▶ **About this task**
Pictures are to be left out. Return exactly the lines below from the one with "This paper introduces" up to and including the one with "- 규칙적인 어깨 운동: 매일 규칙적으로 팔을 이용한 체조 시행".

START The data

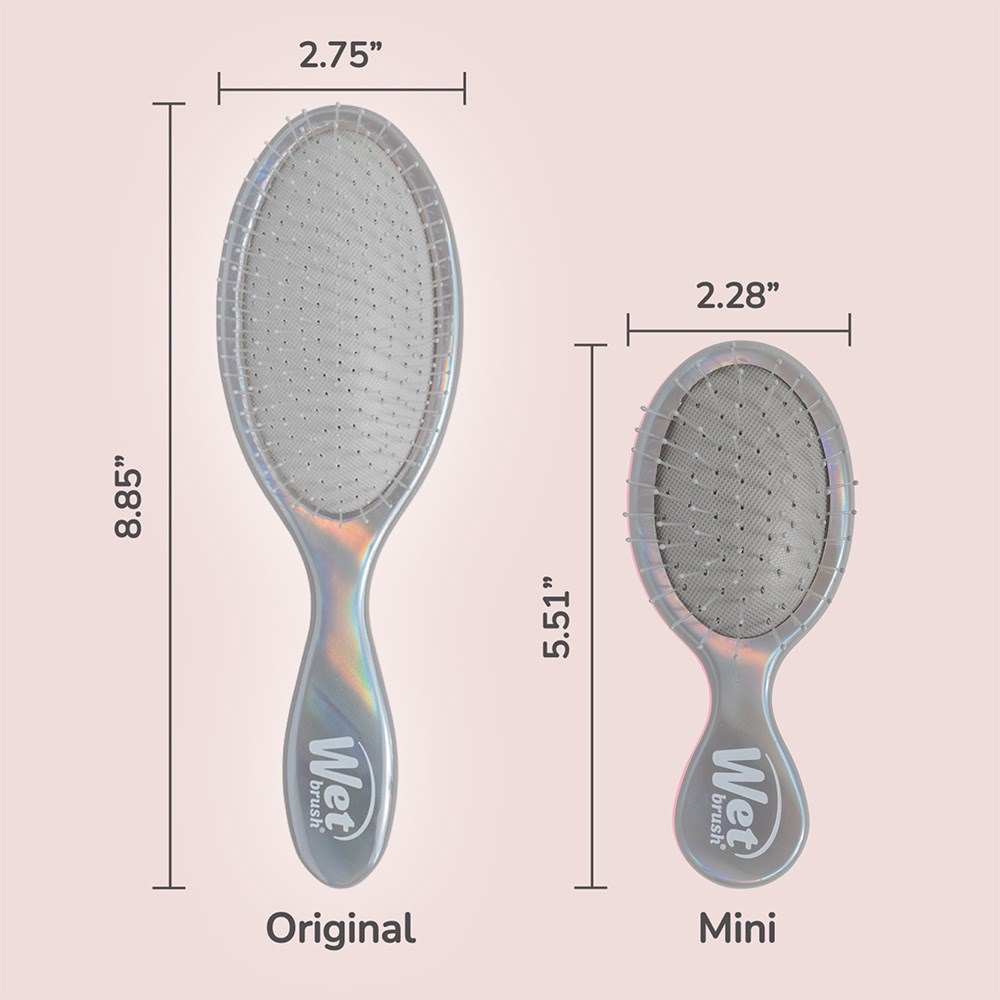 Detangling at home and on-the-go in a holographic dream. This limited edition WetBrush Holographic Detangler Kit Chrome includes the Original Detangler and a Mini Detangler. The world-famous, ultra-soft IntelliFlex bristles glide through tangles on all hair types with ease. The mini size is perfect for on-the-go. The moment you use it, you’ll feel the difference and never want to try another hairbrush again. Add some shine to your day with this limited edition Duo Kit.
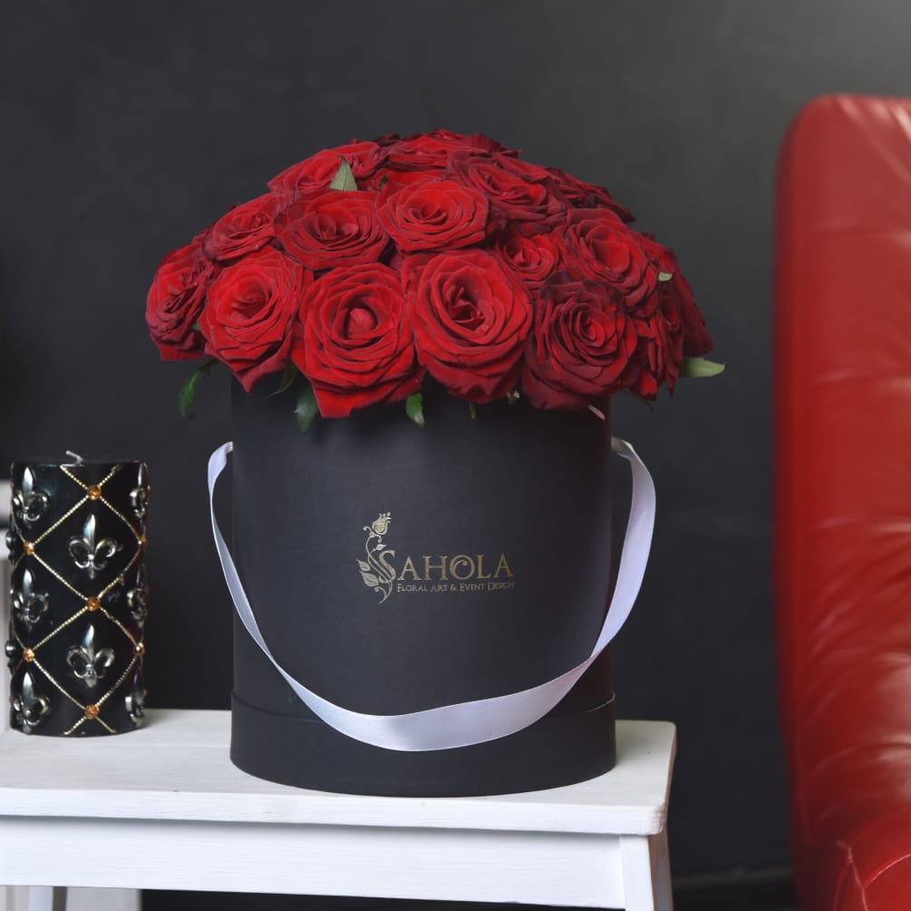 2 Dozen Red Roses In Flower Hat Box By Sahola Flower Fashion Boutique
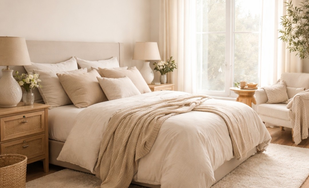 Bright colors can look great, but they’re not always the best choice for a space meant for rest. If your bedroom feels a bit “busy,” softer tones can make a big difference. Think warm neutrals, muted greens, or soft blues. You don’t have to repaint the whole room either. Even switching out bedding or curtains can change the feel pretty quickly.
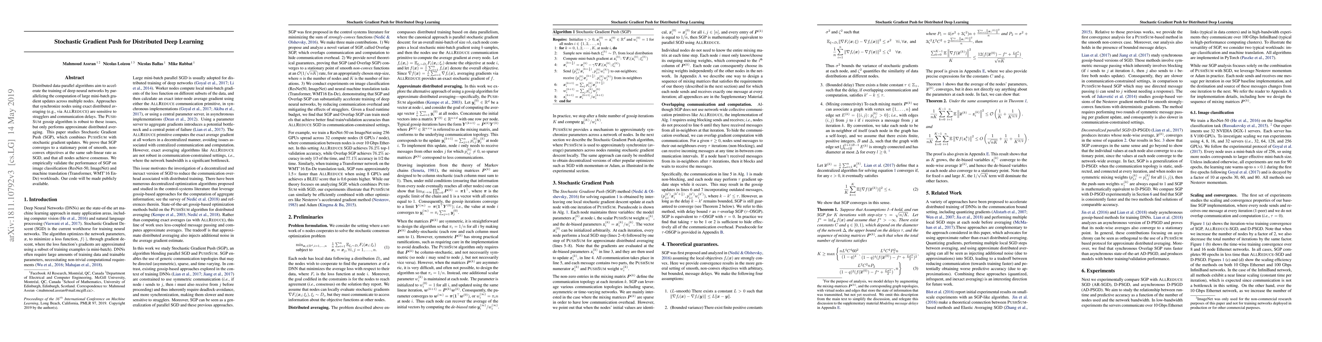 This paper introduces Stochastic Gradient Push (SGP), a method combining PushSum gossip averaging with stochastic gradient updates for distributed deep learning. It demonstrates SGP's convergence to a stationary point and consensus among nodes, validated through image classification and machine translation tasks.
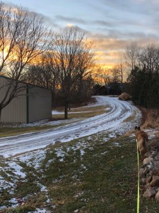 Yesterday was the warmer of the two days but all that accomplished was enough melting to turn the snow to ice where the tire tracks packed it down and we’ve run out of warm days. Not only will the temperature drop, today it is expected we will receive between 4 to 8 inches of snow that will cover the icy mess on the driveway.
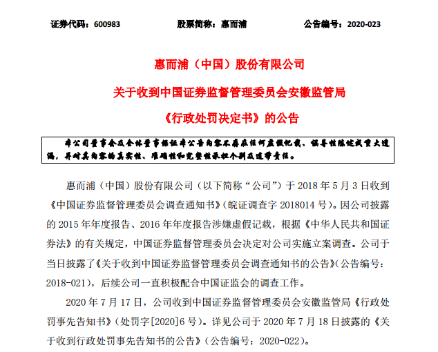 近日,惠而浦(中国)股份有限公司发布公告称,公司收到中国证监会安徽监管局《行政处罚事先告知书》。经证监会调查查明,惠而浦公司存在多起违法违规行为,目的在于虚增2015年、2016年营业收入和利润。
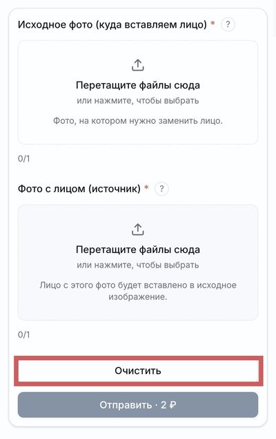 Нажмите кнопку Очистить, чтобы подготовить ещё одну замену лица с другими изображениями. Также используйте эту кнопку, если загрузили не те фото и хотите быстро сбросить всё в исходное положение.
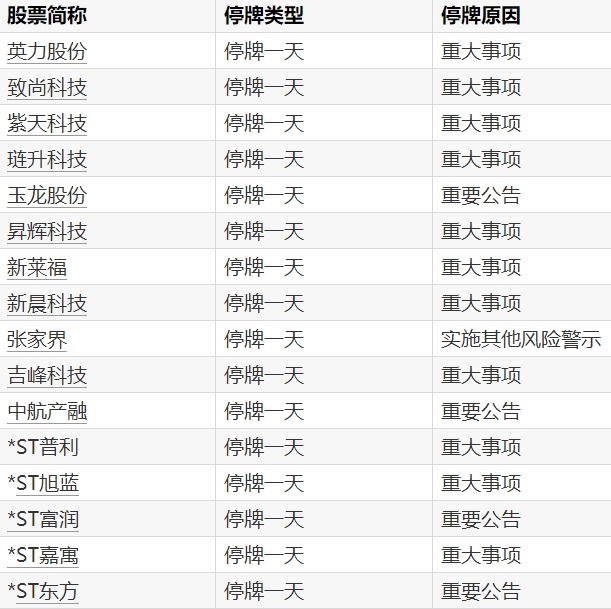 A股停牌提示:16股今日停牌真正的实盘配资平台查询
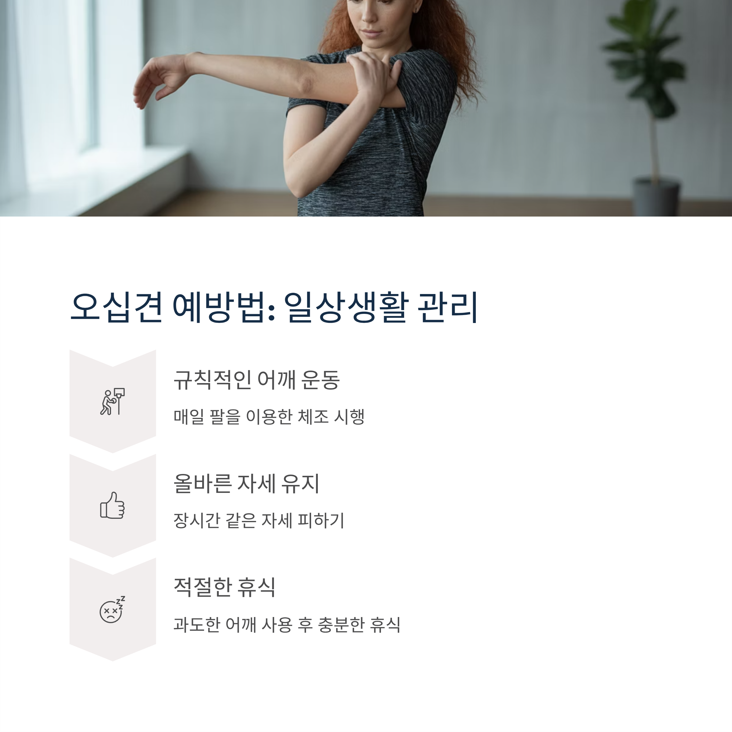 - 규칙적인 어깨 운동: 매일 규칙적으로 팔을 이용한 체조 시행
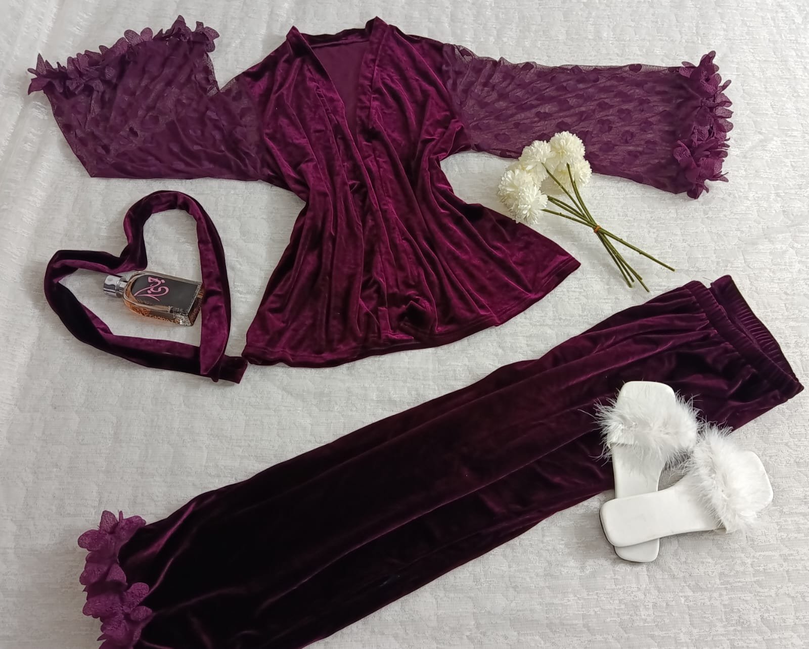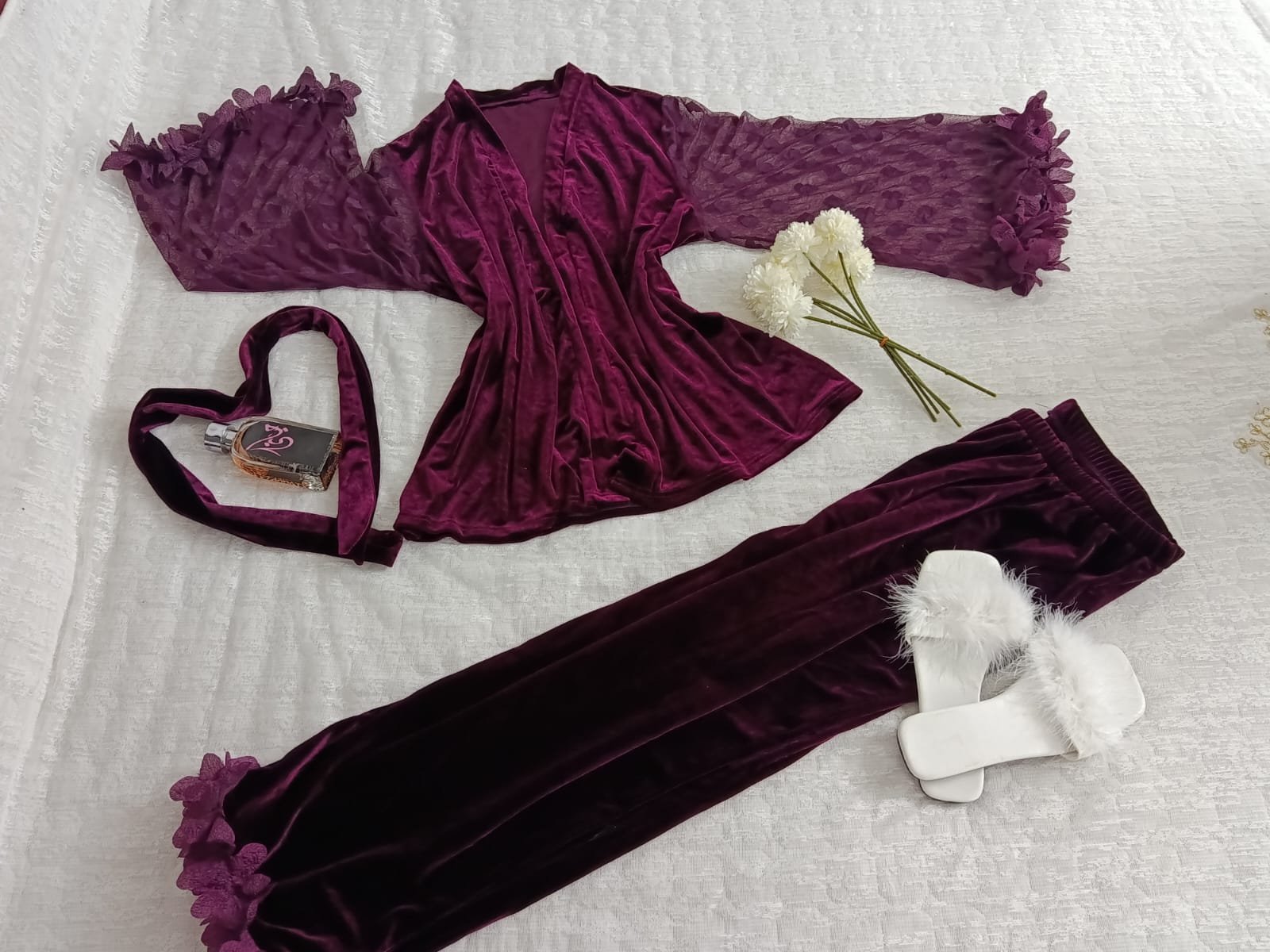 طقم بيجاما مخملي أنيق من كوتيسوار للنساء، مطرز بالدانتيل، طقم ملابس نوم مخملي بلمسة فرنسية ساحرة، طقم بيجاما فاخر مزين بالدانتيل، ملابس خريف وشتاء
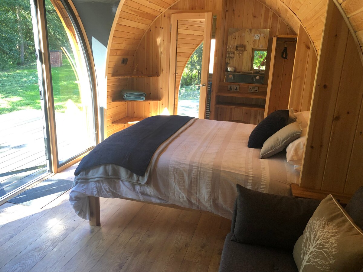 성인 전용 농촌 글램핑 장소에 위치한 포드는 공간을 영리하게 활용하였으며, 바깥 전망이 훌륭합니다. 한쪽 끝에는 조식 바가 있는 간이 주방이 있고, 다른 쪽 끝에는 화장실, 샤워실, 세면대가 있는 욕실이 있습니다. 더블 침대는 화장대, 화장대 거울, 옷장이 있는 고급 침구로 구성되어 있습니다. 외부에는 온수 욕조와 바비큐 그릴이 있는 넓은 데크 공간이 있어 물과 고대 목초지를 감상할 수 있습니다.

END The data

▶ **Reply to the exercise**
 This paper introduces Stochastic Gradient Push (SGP), a method combining PushSum gossip averaging with stochastic gradient updates for distributed deep learning. It demonstrates SGP's convergence to a stationary point and consensus among nodes, validated through image classification and machine translation tasks.
 Yesterday was the warmer of the two days but all that accomplished was enough melting to turn the snow to ice where the tire tracks packed it down and we’ve run out of warm days. Not only will the temperature drop, today it is expected we will receive between 4 to 8 inches of snow that will cover the icy mess on the driveway.
 近日,惠而浦(中国)股份有限公司发布公告称,公司收到中国证监会安徽监管局《行政处罚事先告知书》。经证监会调查查明,惠而浦公司存在多起违法违规行为,目的在于虚增2015年、2016年营业收入和利润。
 Нажмите кнопку Очистить, чтобы подготовить ещё одну замену лица с другими изображениями. Также используйте эту кнопку, если загрузили не те фото и хотите быстро сбросить всё в исходное положение.
 A股停牌提示:16股今日停牌真正的实盘配资平台查询
 - 규칙적인 어깨 운동: 매일 규칙적으로 팔을 이용한 체조 시행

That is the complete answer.